04 augustus, 2016

Kauw

De kauw is een zwarte middelgrote vogel, met een grijs achterhoofd, hals en buik en de ogen zijn   lichtgrijs. Vergeleken met andere kraaiachtigen heeft de Kauw een korte kleine snavel. Ze lopen parmantig rechtop. Het is een intelligente en sociale vogel. In de herfst vormen ze grote groepen en slapen gezamenlijk in bossen of stadsparken. Het zijn uitstekende vliegers, die ook vaak samen met   andere kraaiachtige worden gezien. Ze leven vaak in de nabijheid van mensen. De Kauw is een alleseter en eet zaden, vruchten, insecten, aas, maar ook  kuikens en eieren van andere vogels. Deze   holenbroeder broedt in schoorsteenpijpen, luchtkanalen, boomholten, nestkasten, nissen van kerktorens ook worden verlaten nesten van andere vogels gebruikt. Ze verstoppen nog al eens rookkanalen met hun nestmateriaal en zijn daarom soms minder geliefd.

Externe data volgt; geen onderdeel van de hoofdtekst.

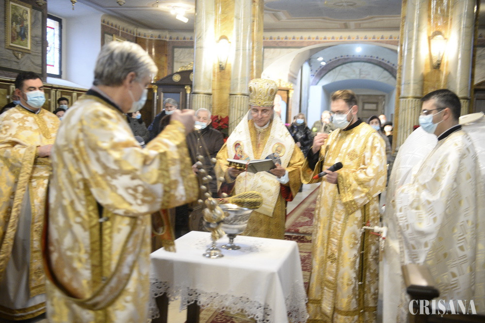 Și la Catedrala greco-catolică „Sfântul Nicolae” din Oradea, evenimentul liturgic s-a desfășurat cu respectarea regulilor impuse de pandemie, iar la toate intrările s-au găsit dezinfectante. Preotul Ovidiu Duma, parohul Catedralei, ne-a declarat că Sfințirea Mare a Apei s-a făcut în cadrul Liturghiei Arhierești, de către Preasfinția Sa Virgil Bercea, episcopul greco-catolic de Oradea, înconjurat de un sobor de preoți. „Am pregătit în jur de 1.400-1.500 de litri de apă”, a precizat părintele Ovidiu Duma.

Als het nest jaren achtereen wordt gebruikt, ontstaat een  grote opeenhoping van nestmateriaal. Het vrouwtje broedt de drie tot zeven eieren uit in 17 - 18 dagen en wordt in die tijd door het mannetje gevoerd. Na ongeveer een maand kunnen de kuikens uitvliegen. Een broedkolonie kan wel uit honderden paren bestaan. Ze kunnen behoorlijk huishouden op de voedertafel en zijn echte alleseters. Vetbollen worden snel met grote happen opgegeten. Het beste is dit te voorkomen door de vetbollen in een netje aan te bieden aan een dunne tak die alleen voor mezen geschikt is. Kauwtjes missen de acrobatiek van de Koolmees en Pimpelmees en kunnen niet balanceren op hun kop aan een vetbol.